■ **MATERIAL TO PROCESS**:

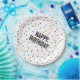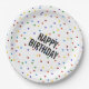 Plaques en papier pour fête d'anniversaire motif Rainbow Dots - Ces plaques en papier sont en pois arc-en-ciel et les mots "Joyeux anniversaire" en gras.
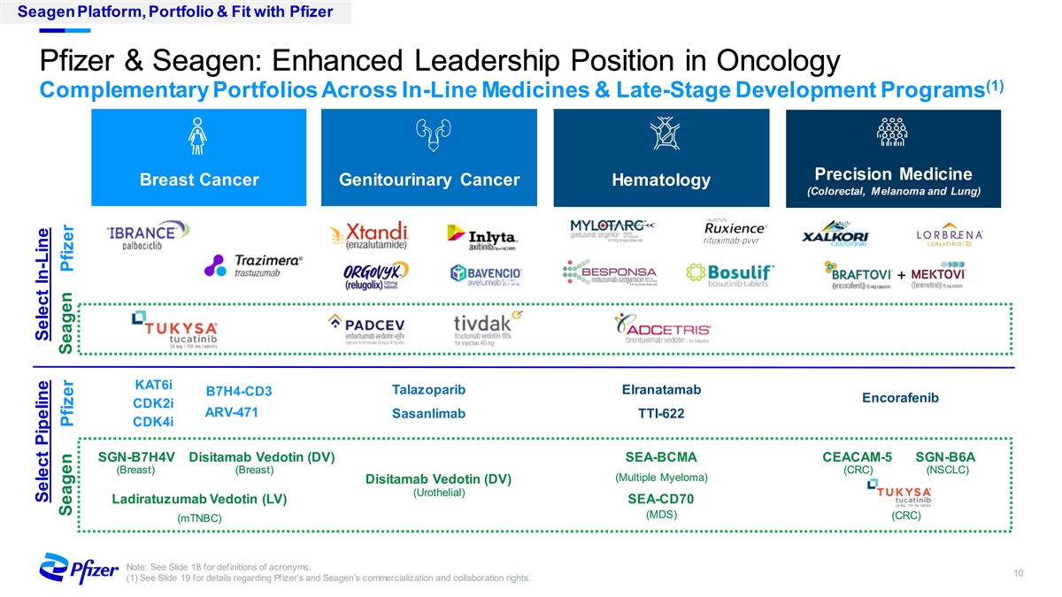 Seagen Platform, Portfolio & Fit with Pfizer Seagen In-Line Portfolio Across a Range of Tumor Types 4 Approved Products with Active Lifecycles Best-in-Class TKI for Foundation of care and First- First-in-Class ADC for Locally HER2+ Breast Cancer and First First-in-Class ADC for Overview in-Class ADC in multiple CD30 Advanced & Metastatic FDA-approved treatment in Cervical Cancer Expressing Lymphomas Urothelial Cancer HER2+ mCRC (1) Seagen Rights US and Canada Global 50/50 US, Canada and EU Global 50/50 | (ex-China) Year Approved 2011 2019 2020 2021 2022A Sales $0.8B $0.5B $0.4B $0.1B Key Lifecycle 1L cisplatin-ineligible Value Drivers 1L+ HER2+ mBC mUC (2023 PDUFA) 1L mCC 1L HER2+ BC maint. 3L+ DLBCL 1L mUC 1L HNSCC 1L HER2+ mCRC NMIBC / MIBC (2),(3) Seagen anticipates 2023 revenue of ~$2.2 billion Source: Pfizer analysis and Public Company Filings. Note: See Slide 18 for definitions of acronyms. Note: Sales figures represent revenues booked in Seagen commercialization territories. (1) See Slide 19 for details regarding Seagen’s development and commercialization rights. (2) Mid-point of range of ~$2.14 – $2.24 billion as provided by Seagen in its Fourth Quarter earnings release dated 2/15/23. (3) Note that Seagen’s revenue definition differs from Pfizer’s (Pfizer does not include royalties or milestones in its revenues). 9
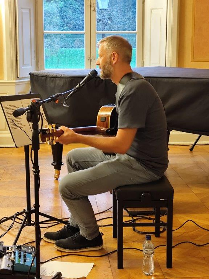 O oprawę muzyczną zadbał wejherowski bard – Andrzej Marczyński. Wysłuchaliśmy kilku utworów poetyckich, delektując się nie tylko pięknem brzmienia gitary, lecz i niepowtarzalnym głosem artysty, który z właściwą sobie skromnością wprowadzał gości w klimat wykonywanych utworów.
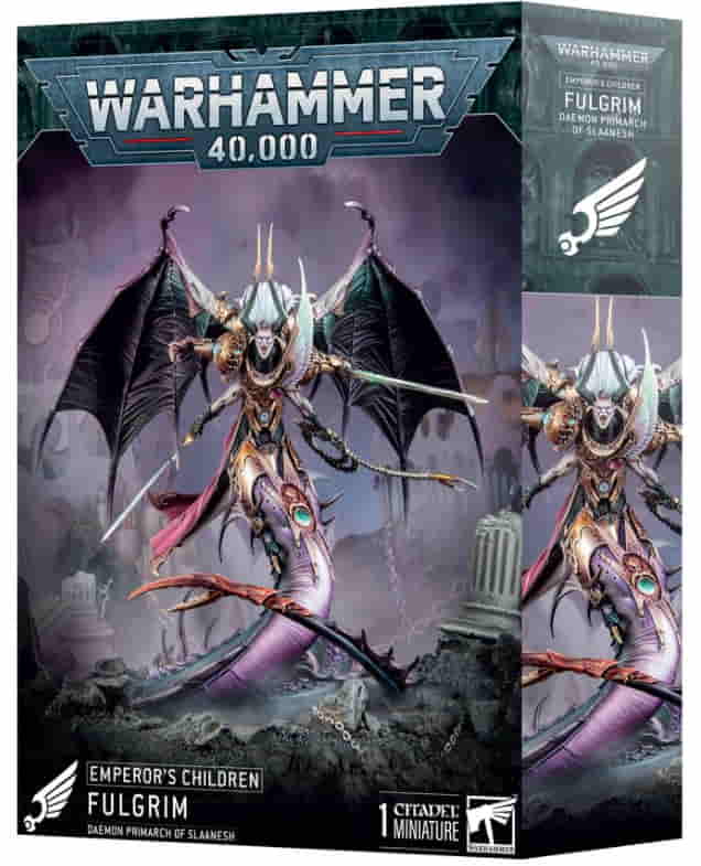 Dieser mehrteilige Plastikbausatz baut Fulgrim, den Dämonenprimarchen von Slaanesh, für deine Emperor’s Children-Armeen in Warhammer 40.000-Spielen. Sein dunkler Gönner hat ihm eine Form verliehen, die es ihm ermöglicht, verschiedene Arten von verheerenden Waffen zu führen. Auf dem Schlachtfeld ist er eine Macht, mit der man rechnen muss – aggressiv, außergewöhnlich schwer zu töten und in der Lage, es mit allem aufzunehmen, von feindlichen Horden bis hin zu mächtigen Kriegsmaschinen. Dank seiner Flügel ist er nirgendwo vor seiner furchterregenden Schlangengestalt sicher – deine Feinde können zwar fliehen, aber sie können sich nicht verstecken.
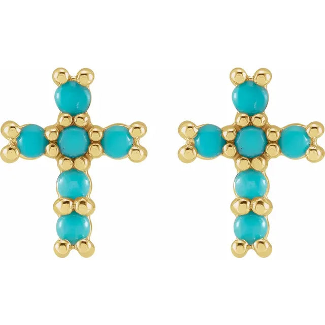 14K Yellow Gold Natural Turquoise Cross EarringsWeight: 0.9424 DWT (1.47 grams) Earring Back Type Included: Friction Backs Included Earring Closure: Friction Post and Back Earring Type: Stud Post Diameter: .03 In Post Length: .37 In Selling Unit of Measure: PR Gender: Ladies Plating Type: N/A Earring Post Type: Friction Post Surface Finish: Polished Primary Stone Shape: Round Primary Stone Size: 2 mm Diamond Clarity: N/A Diamond Color: N/A Primary Stone Count: 12-stone Primary Stone Type: Natural...- Regular price
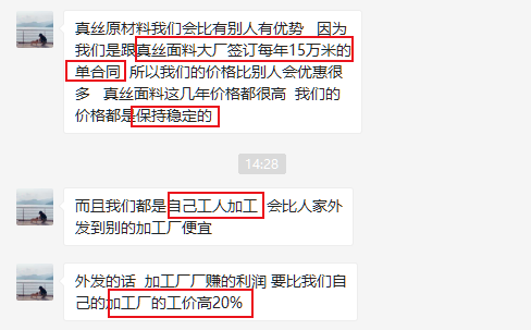 大家可能不知道,很多真丝品牌都是小批量采购真丝,再交给代工厂加工,成本确实不低,再加上营销费用,确实没有千元做不下来。

■ **EXERCISE INSTRUCTIONS**: Go back to the records above and write them out exactly, without the pictures.

■ **WRITTEN RESPONSE**:
 Plaques en papier pour fête d'anniversaire motif Rainbow Dots - Ces plaques en papier sont en pois arc-en-ciel et les mots "Joyeux anniversaire" en gras.
 Seagen Platform, Portfolio & Fit with Pfizer Seagen In-Line Portfolio Across a Range of Tumor Types 4 Approved Products with Active Lifecycles Best-in-Class TKI for Foundation of care and First- First-in-Class ADC for Locally HER2+ Breast Cancer and First First-in-Class ADC for Overview in-Class ADC in multiple CD30 Advanced & Metastatic FDA-approved treatment in Cervical Cancer Expressing Lymphomas Urothelial Cancer HER2+ mCRC (1) Seagen Rights US and Canada Global 50/50 US, Canada and EU Global 50/50 | (ex-China) Year Approved 2011 2019 2020 2021 2022A Sales $0.8B $0.5B $0.4B $0.1B Key Lifecycle 1L cisplatin-ineligible Value Drivers 1L+ HER2+ mBC mUC (2023 PDUFA) 1L mCC 1L HER2+ BC maint. 3L+ DLBCL 1L mUC 1L HNSCC 1L HER2+ mCRC NMIBC / MIBC (2),(3) Seagen anticipates 2023 revenue of ~$2.2 billion Source: Pfizer analysis and Public Company Filings. Note: See Slide 18 for definitions of acronyms. Note: Sales figures represent revenues booked in Seagen commercialization territories. (1) See Slide 19 for details regarding Seagen’s development and commercialization rights. (2) Mid-point of range of ~$2.14 – $2.24 billion as provided by Seagen in its Fourth Quarter earnings release dated 2/15/23. (3) Note that Seagen’s revenue definition differs from Pfizer’s (Pfizer does not include royalties or milestones in its revenues). 9
 O oprawę muzyczną zadbał wejherowski bard – Andrzej Marczyński. Wysłuchaliśmy kilku utworów poetyckich, delektując się nie tylko pięknem brzmienia gitary, lecz i niepowtarzalnym głosem artysty, który z właściwą sobie skromnością wprowadzał gości w klimat wykonywanych utworów.
 Dieser mehrteilige Plastikbausatz baut Fulgrim, den Dämonenprimarchen von Slaanesh, für deine Emperor’s Children-Armeen in Warhammer 40.000-Spielen. Sein dunkler Gönner hat ihm eine Form verliehen, die es ihm ermöglicht, verschiedene Arten von verheerenden Waffen zu führen. Auf dem Schlachtfeld ist er eine Macht, mit der man rechnen muss – aggressiv, außergewöhnlich schwer zu töten und in der Lage, es mit allem aufzunehmen, von feindlichen Horden bis hin zu mächtigen Kriegsmaschinen. Dank seiner Flügel ist er nirgendwo vor seiner furchterregenden Schlangengestalt sicher – deine Feinde können zwar fliehen, aber sie können sich nicht verstecken.
 14K Yellow Gold Natural Turquoise Cross EarringsWeight: 0.9424 DWT (1.47 grams) Earring Back Type Included: Friction Backs Included Earring Closure: Friction Post and Back Earring Type: Stud Post Diameter: .03 In Post Length: .37 In Selling Unit of Measure: PR Gender: Ladies Plating Type: N/A Earring Post Type: Friction Post Surface Finish: Polished Primary Stone Shape: Round Primary Stone Size: 2 mm Diamond Clarity: N/A Diamond Color: N/A Primary Stone Count: 12-stone Primary Stone Type: Natural...- Regular price
 大家可能不知道,很多真丝品牌都是小批量采购真丝,再交给代工厂加工,成本确实不低,再加上营销费用,确实没有千元做不下来。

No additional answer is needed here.